#### Work item:
Print only the lines running from the line with "干支 丑★茶道具 無傷美品<同梱可>" to the final line below, both included, exactly as written and without the pictures.
START Material for the task
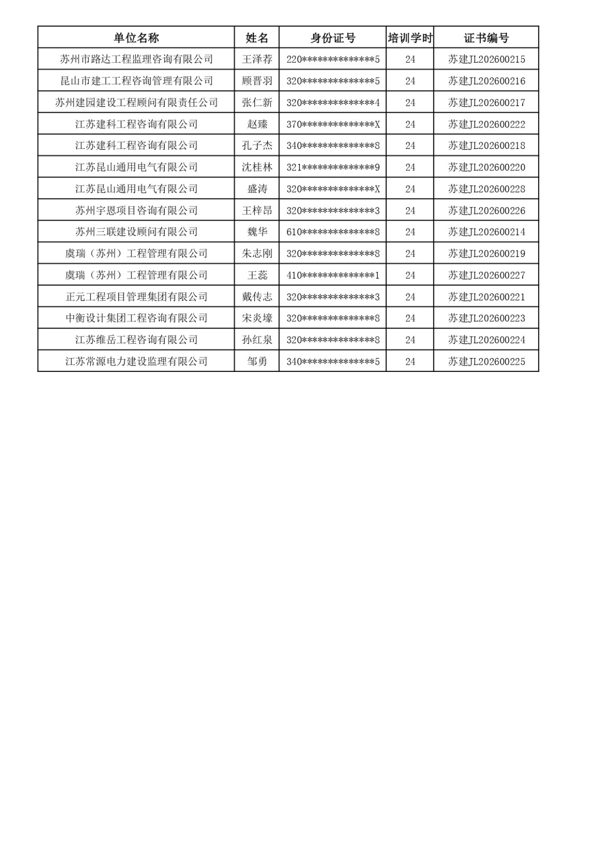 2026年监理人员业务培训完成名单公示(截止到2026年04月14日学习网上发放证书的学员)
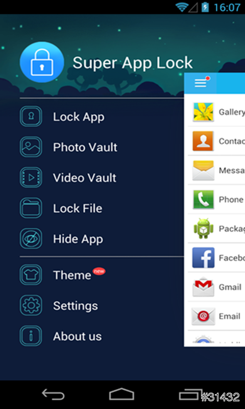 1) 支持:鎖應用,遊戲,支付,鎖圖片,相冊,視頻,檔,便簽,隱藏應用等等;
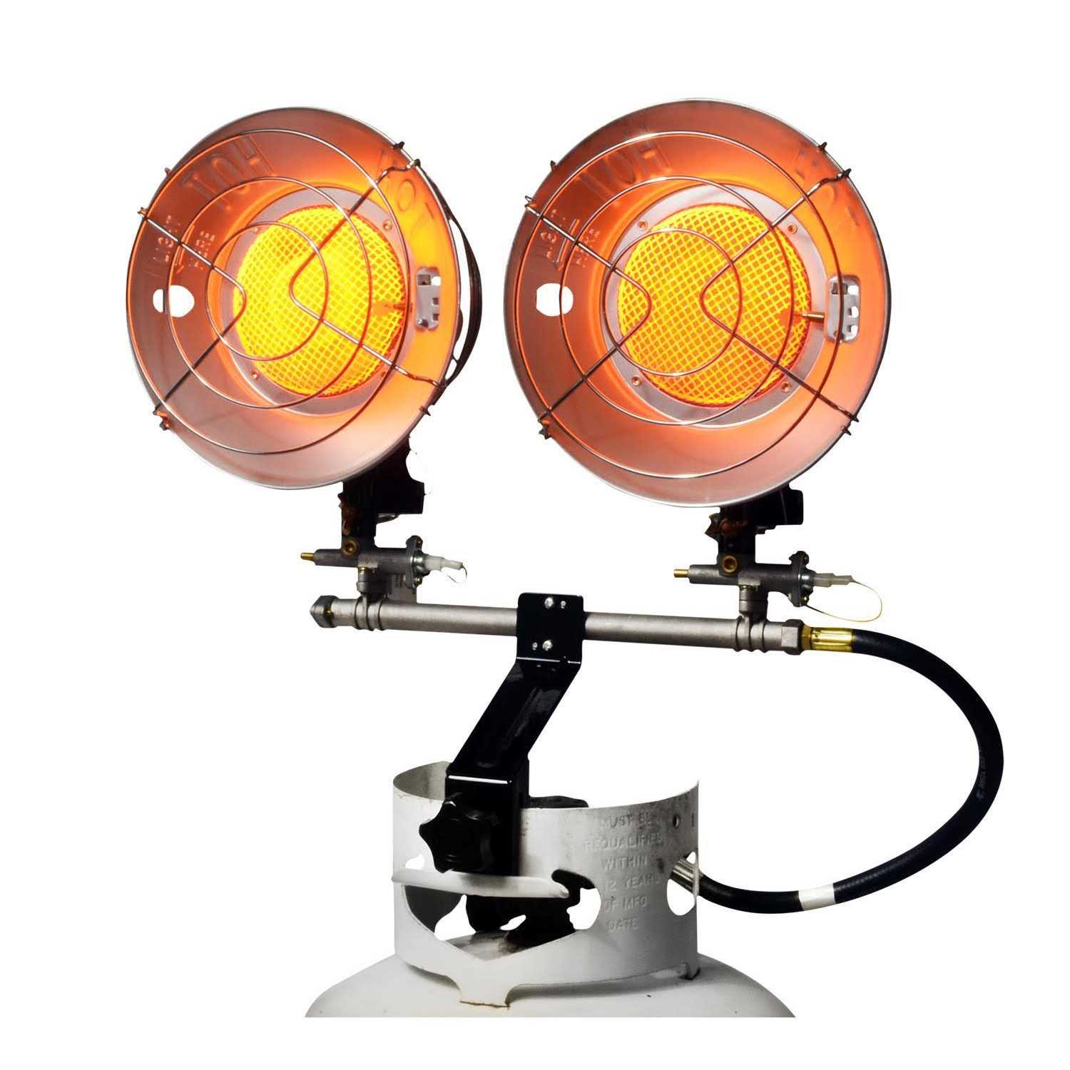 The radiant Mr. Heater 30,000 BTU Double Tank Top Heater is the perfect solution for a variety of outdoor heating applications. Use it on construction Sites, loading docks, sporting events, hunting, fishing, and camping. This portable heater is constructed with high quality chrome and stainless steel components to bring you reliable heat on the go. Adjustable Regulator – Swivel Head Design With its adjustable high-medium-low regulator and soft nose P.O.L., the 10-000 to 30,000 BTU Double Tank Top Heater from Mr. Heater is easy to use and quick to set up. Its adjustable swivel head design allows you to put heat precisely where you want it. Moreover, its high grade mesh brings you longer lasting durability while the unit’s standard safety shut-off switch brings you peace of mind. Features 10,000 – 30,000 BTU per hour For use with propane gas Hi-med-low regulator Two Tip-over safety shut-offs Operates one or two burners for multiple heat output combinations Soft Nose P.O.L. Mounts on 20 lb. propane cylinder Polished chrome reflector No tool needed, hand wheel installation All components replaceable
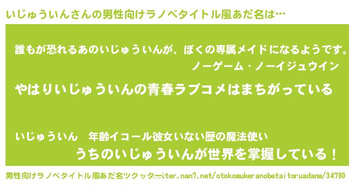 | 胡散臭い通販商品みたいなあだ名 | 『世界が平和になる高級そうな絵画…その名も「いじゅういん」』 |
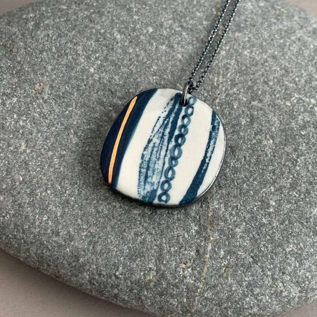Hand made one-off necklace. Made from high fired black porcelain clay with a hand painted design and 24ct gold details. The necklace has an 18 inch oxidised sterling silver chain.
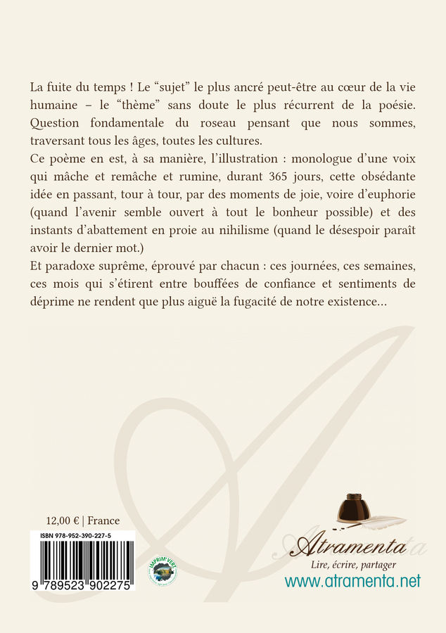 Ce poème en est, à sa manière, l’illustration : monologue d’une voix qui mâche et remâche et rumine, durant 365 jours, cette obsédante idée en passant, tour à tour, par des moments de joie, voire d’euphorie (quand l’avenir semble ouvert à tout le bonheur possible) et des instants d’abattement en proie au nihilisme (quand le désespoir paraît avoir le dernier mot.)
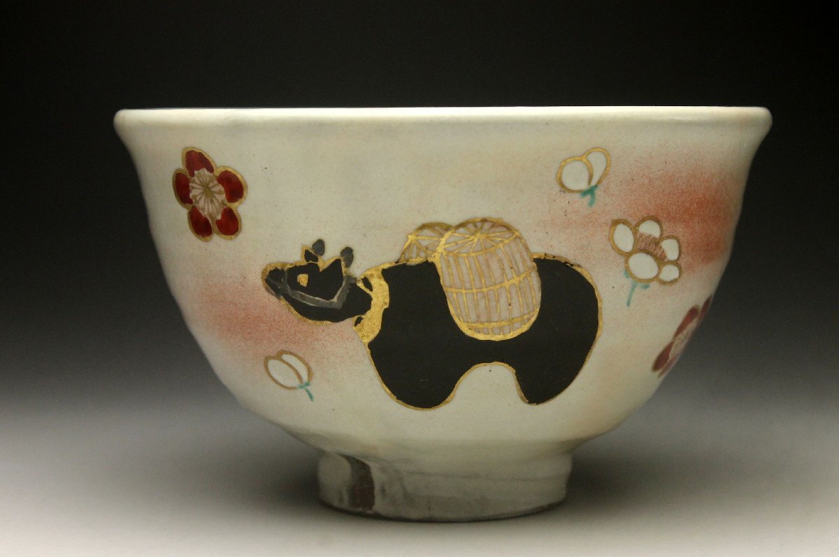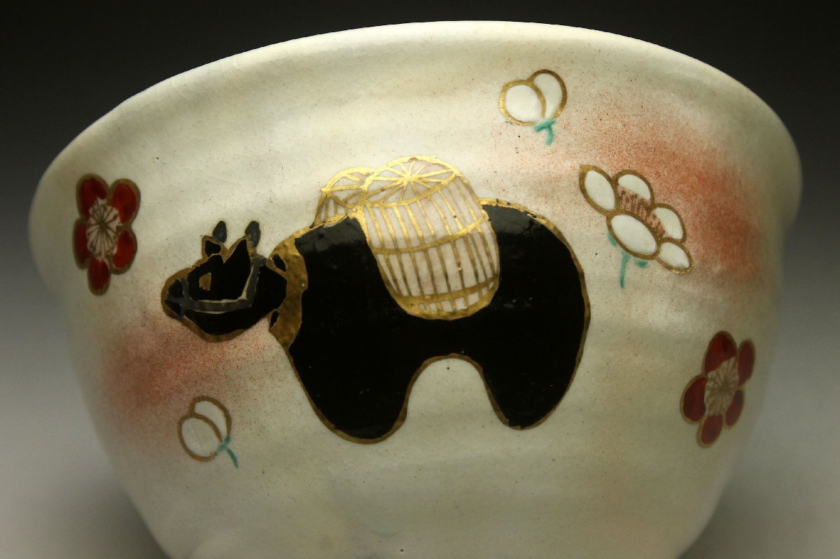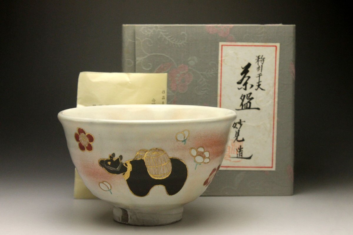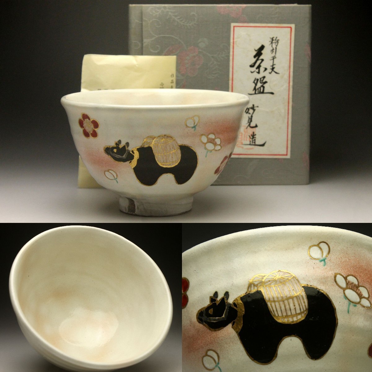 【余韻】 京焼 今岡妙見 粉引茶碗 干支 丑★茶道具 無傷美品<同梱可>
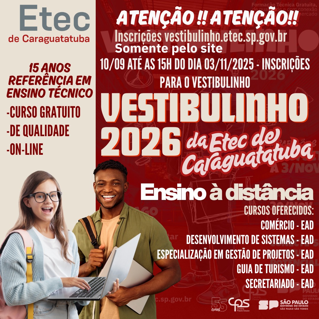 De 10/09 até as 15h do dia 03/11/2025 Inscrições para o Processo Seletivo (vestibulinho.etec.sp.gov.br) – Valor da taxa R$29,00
END Material for the task
#### Solution:
 【余韻】 京焼 今岡妙見 粉引茶碗 干支 丑★茶道具 無傷美品<同梱可>
 De 10/09 até as 15h do dia 03/11/2025 Inscrições para o Processo Seletivo (vestibulinho.etec.sp.gov.br) – Valor da taxa R$29,00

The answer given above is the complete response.